Material provided: Begin
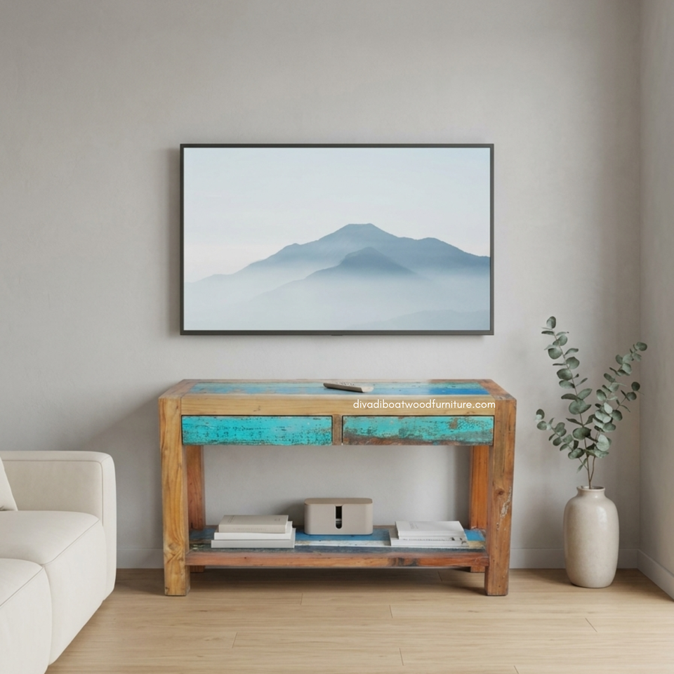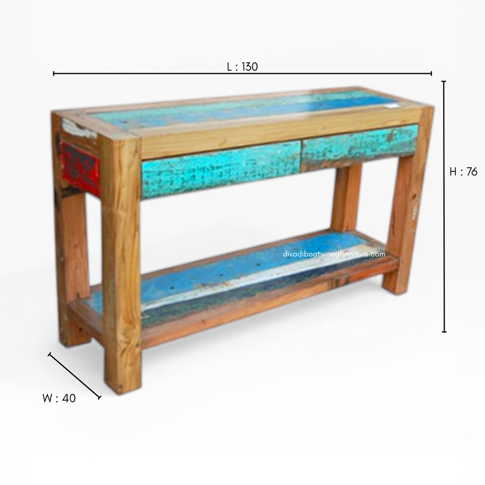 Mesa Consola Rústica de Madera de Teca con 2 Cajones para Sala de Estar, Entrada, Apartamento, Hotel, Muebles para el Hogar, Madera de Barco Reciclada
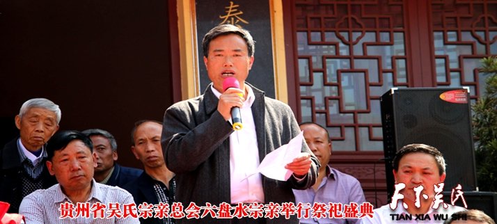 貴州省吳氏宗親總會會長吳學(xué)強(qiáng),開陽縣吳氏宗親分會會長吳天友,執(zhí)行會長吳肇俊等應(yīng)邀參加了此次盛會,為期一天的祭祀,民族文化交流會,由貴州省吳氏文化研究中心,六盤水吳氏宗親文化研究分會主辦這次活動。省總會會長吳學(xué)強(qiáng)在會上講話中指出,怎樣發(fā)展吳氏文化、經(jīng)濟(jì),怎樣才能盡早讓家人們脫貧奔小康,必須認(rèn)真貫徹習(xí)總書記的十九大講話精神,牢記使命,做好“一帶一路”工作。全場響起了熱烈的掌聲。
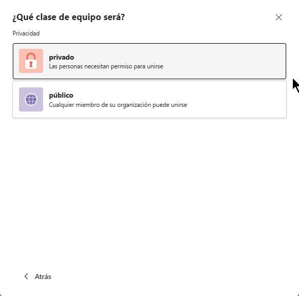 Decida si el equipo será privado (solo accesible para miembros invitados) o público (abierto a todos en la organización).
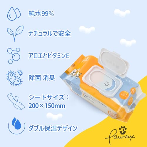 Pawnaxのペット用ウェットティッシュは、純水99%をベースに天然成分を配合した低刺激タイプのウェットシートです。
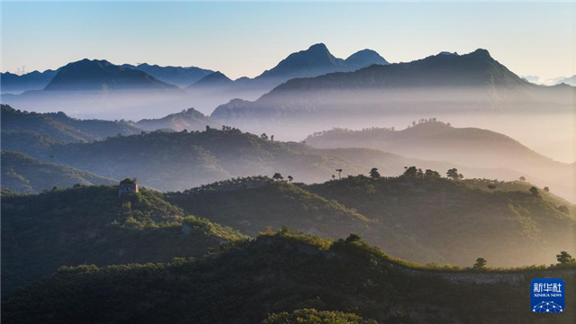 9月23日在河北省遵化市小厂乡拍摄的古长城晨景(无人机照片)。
Material provided: End
Material provided: Begin
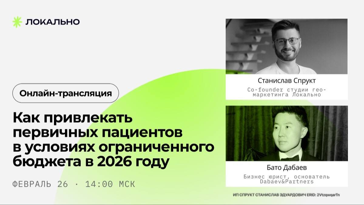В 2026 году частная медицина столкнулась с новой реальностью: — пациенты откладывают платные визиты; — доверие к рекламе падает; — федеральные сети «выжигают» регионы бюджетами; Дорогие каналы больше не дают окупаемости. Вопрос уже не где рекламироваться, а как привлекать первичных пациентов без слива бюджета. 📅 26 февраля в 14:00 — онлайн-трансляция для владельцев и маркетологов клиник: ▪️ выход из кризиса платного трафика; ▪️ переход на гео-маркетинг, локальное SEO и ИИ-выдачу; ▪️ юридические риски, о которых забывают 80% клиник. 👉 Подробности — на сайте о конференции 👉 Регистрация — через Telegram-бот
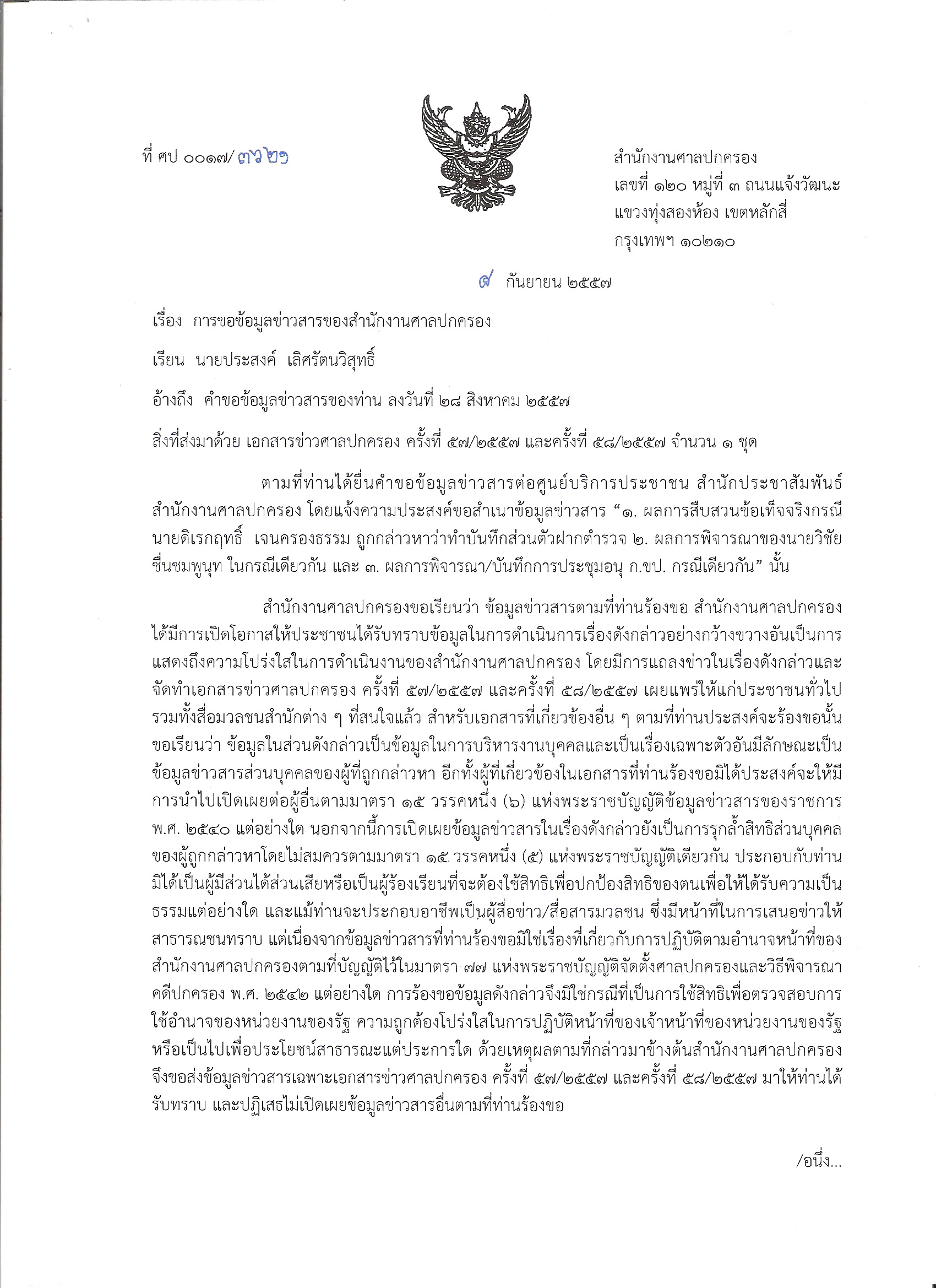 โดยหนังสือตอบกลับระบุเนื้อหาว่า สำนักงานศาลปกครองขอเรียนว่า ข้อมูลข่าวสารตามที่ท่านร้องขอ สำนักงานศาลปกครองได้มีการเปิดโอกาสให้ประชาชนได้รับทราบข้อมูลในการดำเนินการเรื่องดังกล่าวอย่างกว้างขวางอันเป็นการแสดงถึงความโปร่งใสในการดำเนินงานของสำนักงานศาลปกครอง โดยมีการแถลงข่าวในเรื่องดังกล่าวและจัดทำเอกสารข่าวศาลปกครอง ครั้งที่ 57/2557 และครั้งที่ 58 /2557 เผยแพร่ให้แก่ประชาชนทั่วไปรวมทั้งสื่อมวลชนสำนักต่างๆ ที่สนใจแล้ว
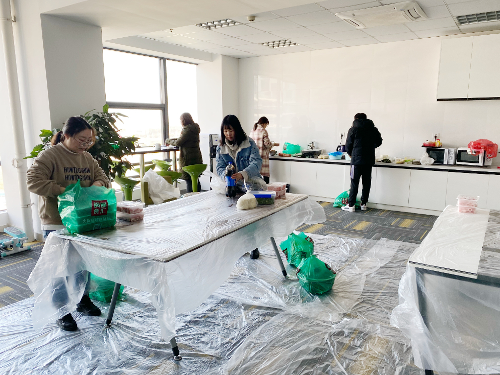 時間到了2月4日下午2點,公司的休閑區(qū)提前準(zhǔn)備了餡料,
Material provided: End
Task to complete: Pictures excluded, give again exactly and only the lines of the material above from the line with "Mesa Consola Rústica" through the line with "9月23日在河北省遵化市小厂乡拍摄的古长城晨景(无人机照片)。".

Answer for the task:
 Mesa Consola Rústica de Madera de Teca con 2 Cajones para Sala de Estar, Entrada, Apartamento, Hotel, Muebles para el Hogar, Madera de Barco Reciclada
 貴州省吳氏宗親總會會長吳學(xué)強(qiáng),開陽縣吳氏宗親分會會長吳天友,執(zhí)行會長吳肇俊等應(yīng)邀參加了此次盛會,為期一天的祭祀,民族文化交流會,由貴州省吳氏文化研究中心,六盤水吳氏宗親文化研究分會主辦這次活動。省總會會長吳學(xué)強(qiáng)在會上講話中指出,怎樣發(fā)展吳氏文化、經(jīng)濟(jì),怎樣才能盡早讓家人們脫貧奔小康,必須認(rèn)真貫徹習(xí)總書記的十九大講話精神,牢記使命,做好“一帶一路”工作。全場響起了熱烈的掌聲。
 Decida si el equipo será privado (solo accesible para miembros invitados) o público (abierto a todos en la organización).
 Pawnaxのペット用ウェットティッシュは、純水99%をベースに天然成分を配合した低刺激タイプのウェットシートです。
 9月23日在河北省遵化市小厂乡拍摄的古长城晨景(无人机照片)。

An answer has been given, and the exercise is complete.